19. Juni 2018

Übergewicht

Ich hänge fest.
Jeder Schritt schmerzt.
Es fühlt sich an als ob mein Körper 300kg schwer wäre.

Ich habe nicht die Kraft diese Masse zu bewegen, sie zieht mich immer wieder zurück.
Es hat sich viel verändert, denn ich kämpfe.
Ich kämpfe anders.
Ich kämpfe wirklich sehr stark und entwickle eine Strategie,
diese Kilos wieder runter zu bekommen.

Ich gebe mich nicht hin, doch es ist wirklich schwer,
da ich die Kraft die ich noch habe in all der Zeit,
die ich mit meinen Kindern verbringe aufbrauche.
Ich kann sie mir nicht sinnvoll einteilen,
denn ich habe jetzt im Gegensatz zu früher Verantwortung.

Ich muss da sein, ich möchte da sein!
Es ist meine größte Angst, das meine Kinder unter diesen Massen leiden müssen.

Es war mir bewusst das so etwas passieren konnte,
doch natürlich hatte ich gehofft das es nicht dazu kommen würde.

14. Juni 2018

Trauer

Ich hänge fest. 
Ich hänge in einer Schleife voller Trauer fest.
In Phasen einer Depression empfinde ich meist nichts. 
Nur Leere in einem dunklem Hohlraum. 

Doch dieses mal ist es anders. 
Ich konnte es lange nicht erfassen, doch nun kann ich es spüren. 
Ich bin unfassbar traurig. 
Trauer steckt in jeder Pore meines Körpers. 

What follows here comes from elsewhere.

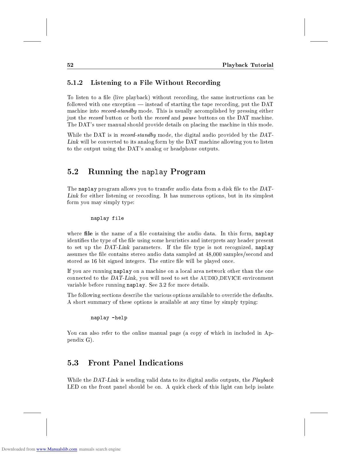 to the output using the DAT's analog or headphone outputs.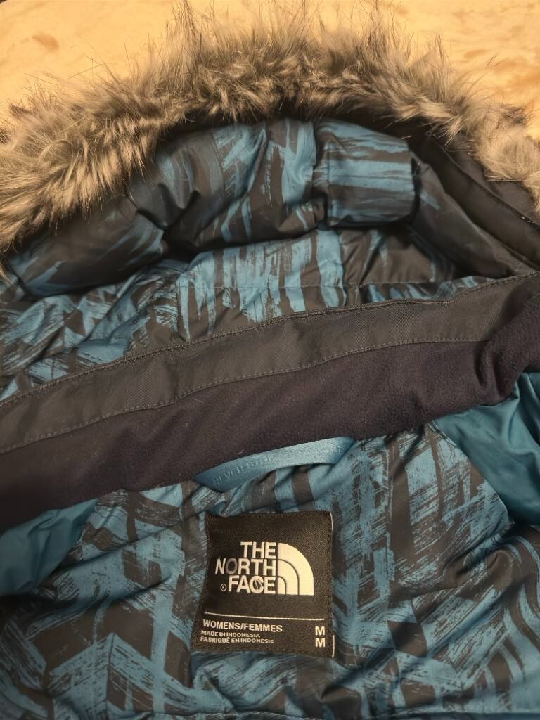 The North Face Parka Goose Down Winter Hooded Jacket Women's Navy Blue Size M. Jacket is in excellent condition with minimal signs of wear.

Ich habe das Gefühl das alle vergangenen Ereignisse so schnell aufeinander folgten, das das eine das andere ablöste, bevor ich richtig mit ihr abschließen konnte. 

Und nun, in einer Zeit der Ruhe überkommt mich all die nicht gefühlte und ausgelebte Trauer auf einen Schlag. 
Sie schmerzt, lähmt mich fast und nimmt mir die Luft zum atmen und die Fähigkeit klar zu denken. Ich möchte sie bewältigen, diese Traurigkeit, doch ich finde keinen Zugang zu ihr. 
Noch nicht.  
Ich bin auf der Suche. 

11. März 2018

Kampf


Jeden Tag diese tiefe Traurigkeit, Zweifel, Fragen, Ängste und Unsicherheit.
Es gibt Tage an denen kann ich sie ignorieren und sie laufen neben mir her, beeinflussen aber nicht meinen Alltag. Doch an den anderen Tagen liegen sie über mir, diese Gefühle und lasten schwer auf meinen Schultern.
Sie ziehen an meinen Füßen wie schwere Kugeln die an mich gefesselt sind. Ich versuche sie zu durchtrennen, diese Ketten, die mir das Leben oft so erschweren.
Ich sitze da und schaue ins Leere. Und ich empfinde auch so, einfach nur eine Leere die mich und meine Gedanken umhüllt.
Es macht mich traurig, denn im Grunde möchte ich einfach nur da sein, da sein für mich und meine Kinder. Ich halte sie an, die Luft zum Atmen und merke es oft gar nicht. Dann werde ich für einen kurzen Moment wach und hole tief Luft.

Ich fühle mich hilflos, machtlos und ausgeliefert.
Es ist gerade ein täglicher Kampf, der Kampf ums überleben.
So und nun gehe ich da raus, auf ein neues und kämpfe für euch, denn ihr seid meine Liebe, meine Motivation.